Why do people say the god of the bible is Omnisciencent?

by Elsewhere 96 Replies latest jw friends

  • snowbird
    snowbird

    It just riles me to have people say, "In order for God to be ___________, He has to be __________."

    WHO SAYS???

    Sylvia

  • superpunk
    superpunk

    I think I would have been more than just a little dissappointed if Adam had simply robotically obeyed the orders about the fruit, and was still wandering around that garden stark naked after how-ever many thousand years now. When is that guy going to show some initiative? A truly ROBOTIC ADAM could have done just that...

    Well said. Moreover, since the story's Adam did not have any "formative years", he must have been morally nothing more than a computer program (since there were no other humans his morality was what God programmed it to be). If I had personally written a computer program that malfunctioned, I would be more upset with myself (or possibly someone else who interfered with my program) than the program itself.

  • PSacramento
    PSacramento
    Hence - not omniscient.

    In regards to OUR choices, God knows what they are and God knows the results, but he doesn't "know" which choice we will make so, no, God is not omnisicent in your view because there is at least one thing God doesn't know and that is which of the choices he KNOWS we have, we will choose.

  • snowbird
    snowbird

    Harmonizing free will with God's omnisicence is an issue that has dogged the best of theologians.

    No one, save God Himself, has the answer.

    Sylvia

  • superpunk
    superpunk

    He is aware of ALL posibilites and outcome, big difference.

    Example:

    God decides to speak to you and you ask him, God will I win the lottery?

    God: Yes, IF you decide play the lottery on this day at this time at this palce and play these numbers.

    God knows but the decision is ours, God NOT telling us is keeping the "law" of free will in place.

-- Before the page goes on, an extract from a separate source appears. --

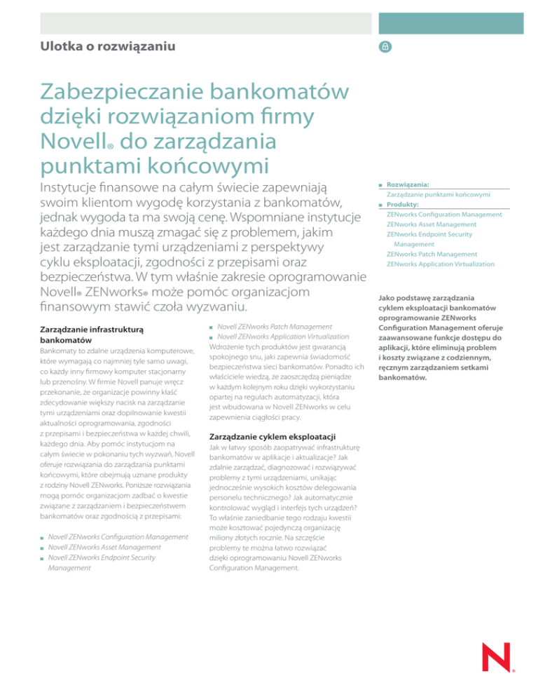 Ulotka o rozwiązaniu Zabezpieczanie bankomatów dzięki rozwiązaniom firmy Novell® do zarządzania punktami końcowymi Instytucje finansowe na całym świecie zapewniają swoim klientom wygodę korzystania z bankomatów, jednak wygoda ta ma swoją cenę. Wspomniane instytucje każdego dnia muszą zmagać się z problemem, jakim jest zarządzanie tymi urządzeniami z perspektywy cyklu eksploatacji, zgodności z przepisami oraz bezpieczeństwa. W tym właśnie zakresie oprogramowanie Novell® ZENworks® może pomóc organizacjom finansowym stawić czoła wyzwaniu. Zarządzanie infrastrukturą bankomatów Bankomaty to zdalne urządzenia komputerowe, które wymagają co najmniej tyle samo uwagi, co każdy inny firmowy komputer stacjonarny lub przenośny. W firmie Novell panuje wręcz przekonanie, że organizacje powinny kłaść zdecydowanie większy nacisk na zarządzanie tymi urządzeniami oraz dopilnowanie kwestii aktualności oprogramowania, zgodności z przepisami i bezpieczeństwa w każdej chwili, każdego dnia. Aby pomóc instytucjom na całym świecie w pokonaniu tych wyzwań, Novell oferuje rozwiązania do zarządzania punktami końcowymi, które obejmują uznane produkty z rodziny Novell ZENworks. Poniższe rozwiązania mogą pomóc organizacjom zadbać o kwestie związane z zarządzaniem i bezpieczeństwem bankomatów oraz zgodnością z przepisami: Novell ZENworks Configuration Management Novell ZENworks Asset Management Novell ZENworks Endpoint Security Management Novell ZENworks Patch Management Novell ZENworks Application Virtualization Wdrożenie tych produktów jest gwarancją spokojnego snu, jaki zapewnia świadomość bezpieczeństwa sieci bankomatów. Ponadto ich właściciele wiedzą, że zaoszczędzą pieniądze w każdym kolejnym roku dzięki wykorzystaniu opartej na regułach automatyzacji, która jest wbudowana w Novell ZENworks w celu zapewnienia ciągłości pracy. Zarządzanie cyklem eksploatacji Jak w łatwy sposób zaopatrywać infrastrukturę bankomatów w aplikacje i aktualizacje? Jak zdalnie zarządzać, diagnozować i rozwiązywać problemy z tymi urządzeniami, unikając jednocześnie wysokich kosztów delegowania personelu technicznego? Jak automatycznie kontrolować wygląd i interfejs tych urządzeń? To właśnie zaniedbanie tego rodzaju kwestii może kosztować pojedynczą organizację miliony złotych rocznie. Na szczęście problemy te można łatwo rozwiązać dzięki oprogramowaniu Novell ZENworks Configuration Management. Rozwiązania: Zarządzanie punktami końcowymi Produkty: ZENworks Configuration Management ZENworks Asset Management ZENworks Endpoint Security Management ZENworks Patch Management ZENworks Application Virtualization Jako podstawę zarządzania cyklem eksploatacji bankomatów oprogramowanie ZENworks Configuration Management oferuje zaawansowane funkcje dostępu do aplikacji, które eliminują problem i koszty związane z codziennym, ręcznym zarządzaniem setkami bankomatów. Oprogramowanie Novell ZENworks Configuration Management pozwala obniżyć koszty użytkowania dzięki wykorzystaniu unikalnej, bazującej na regułach strategii automatyzacji konfiguracji oprogramowania, aktualizacji, naprawy i migracji środowiska bankomatów. Novell ZENworks Endpoint Security M anagement pozwala zablokować bankomaty, aby w ten sposób uniemożliwić intruzom złamanie ich zabezpieczeń z zewnątrz, i co najważniejsze, zapewnić bezpieczeństwo danych. Oprogramowanie Novell ZENworks Configuration Management pozwala obniżyć koszty użytkowania dzięki wykorzystaniu unikalnej, bazującej na regułach strategii automatyzacji konfiguracji oprogramowania, aktualizacji, naprawy i migracji środowiska bankomatów. Dzięki pełnej gamie elastycznych opcji instalacji i wdrażania oprogramowanie ZENworks Configuration Management zapewnia zaawansowane funkcje zarządzania procesem konfigurowania, w tym zarządzanie zdalne, migrację tożsamości, wdrażanie i utrzymywanie standardowego środowiska roboczego (SOE), inwentaryzację sprzętu i oprogramowania, zarządzanie zasobami oraz zoptymalizowane dostarczanie aplikacji zarówno do zastosowań na komputerach biurowych, jak i serwerach. Jako podstawę zarządzania cyklem eksploatacji bankomatów oprogramowanie ZENworks Configuration M anagement oferuje zaawansowane funkcje dostępu do aplikacji, które eliminują problem i koszty związane z codziennym, ręcznym zarządzaniem setkami bankomatów. Zgodność Zgodność z przepisami jest jedną z najważniejszych kwestii, z którymi borykać się muszą dyrektorzy IT – zwłaszcza ci zatrudnieni w firmach świadczących usługi finansowe. Jeśli do drzwi ich gabinetu zapuka audytor, czy będą w stanie pokazać mu raport przedstawiający precyzyjnie sytuację dotyczącą zgodności w zakresie licencji na oprogramowanie, w tym zwłaszcza stan wykorzystania zakupionego oprogramowania? Czy będą w stanie przedstawić ten raport wystarczająco szybko? Taki raport powinien być przygotowany na każdą ewentualność. Oprogramowanie Novell ZENworks Asset Management pozwala stworzyć kompletne zestawienie wszystkich zasobów informatycznych będących własnością firmy, w tym zarówno sprzętu, jak i oprogramowania, dzięki funkcji wykrywania i śledzenia ponad 65 tys. produktów. ZENworks Asset Management umożliwia łatwe dopasowanie wykrytego oprogramowania do zakupionych licencji. Zapewnia to zgodność ze wszystkimi umowami i kontraktami licencyjnymi. Pozwala to także uniknąć kar finansowych oraz uszczerbku na wizerunku firmy, które są konsekwencją naruszenia postanowień umów licencyjnych oraz przepisów prawa. ZENworks Asset Management można także wykorzystać w celu obniżenia kosztów oprogramowania w dłuższej perspektywie. Dzięki raportom obejmującym dane dotyczące licencji, instalacji oraz wykorzystania oprogramowania ZENworks Asset Management może stać się skutecznym narzędziem pozwalającym negocjować bardziej korzys

    Adding the word "all" makes no difference to whether God can see into the future or not. Bible-God can and is recorded as doing a good deal more than simply write "If/Then" excel formulas.

  • Elsewhere
    Elsewhere

    Wow... this is even more fun than asking if god can create a rock so big that not even he could move it.

  • PSacramento
    PSacramento
    Adding the word "all" makes no difference to whether God can see into the future or not. Bible-God can and is recorded as doing a good deal more than simply write "If/Then" excel formulas.

    You believe in the bible?

  • notverylikely
    notverylikely

    God knows but the decision is ours, God NOT telling us is keeping the "law" of free will in place.

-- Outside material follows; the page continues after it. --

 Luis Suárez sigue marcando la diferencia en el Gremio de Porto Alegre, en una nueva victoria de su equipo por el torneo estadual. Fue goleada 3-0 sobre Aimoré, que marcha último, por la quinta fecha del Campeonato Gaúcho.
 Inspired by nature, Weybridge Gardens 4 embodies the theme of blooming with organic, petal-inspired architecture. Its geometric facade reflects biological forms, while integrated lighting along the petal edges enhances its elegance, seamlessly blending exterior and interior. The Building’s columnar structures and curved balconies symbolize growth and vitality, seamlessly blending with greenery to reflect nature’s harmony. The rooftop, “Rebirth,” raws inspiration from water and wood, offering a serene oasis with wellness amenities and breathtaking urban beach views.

    So, Adam didn't have knowledge of good and evil, God didn't know what he would do, just the options he had, Adam makes a choice God didn't know he would make, then God punishes Adam (who didn't know good from bad until he ate from the tree) for making a bad choice with death?

    That's not really free will, then, if the choice is "Do what I tell you or I will kill you and curse untold millions of your descendants with death and suffering. And I'm not going to tell you that until after you make the bad choice. And you don't know what good and bad means until after you make the choice."

    WHO SAYS???

    The bible says god knows everything. Is the bible wrong?

    God knows the results, but he doesn't "know" which choice we will make

    Then how could he know the results? How could he know that at 3:50 PM EST I will write this? What if instead I had chosen to get coffee and not written this until 3:55? How can he know the results without knowing the choices we make?

  • notverylikely
    notverylikely

    Harmonizing free will with God's omnisicence is an issue that has dogged the best of theologians.

    No one, save God Himself, has the answer.

    So then it's useless to me?

    God: "I have the winning lottery numbers."

    Me: "Can I have them?"

    God: "No."

  • Leolaia
    Leolaia

    The Yahweh of J is the most anthropomorphic, and human, of the whole OT. He takes a walk in the afternoon to enjoy the cool air, he comes down from heaven to witness the building of the tower, he regrets his decisions, he smells the delicious aroma of Noah's sacrifice, etc. This is exactly how most deities in the ANE were conceptualized. Omniscience is a byproduct of monotheism and that didn't arise in its complete form until the exilic period in Deutero-Isaiah (the older parts of the OT are henotheistic). And then only later do we have more transcendent views of God, such as what we find in parts of the NT.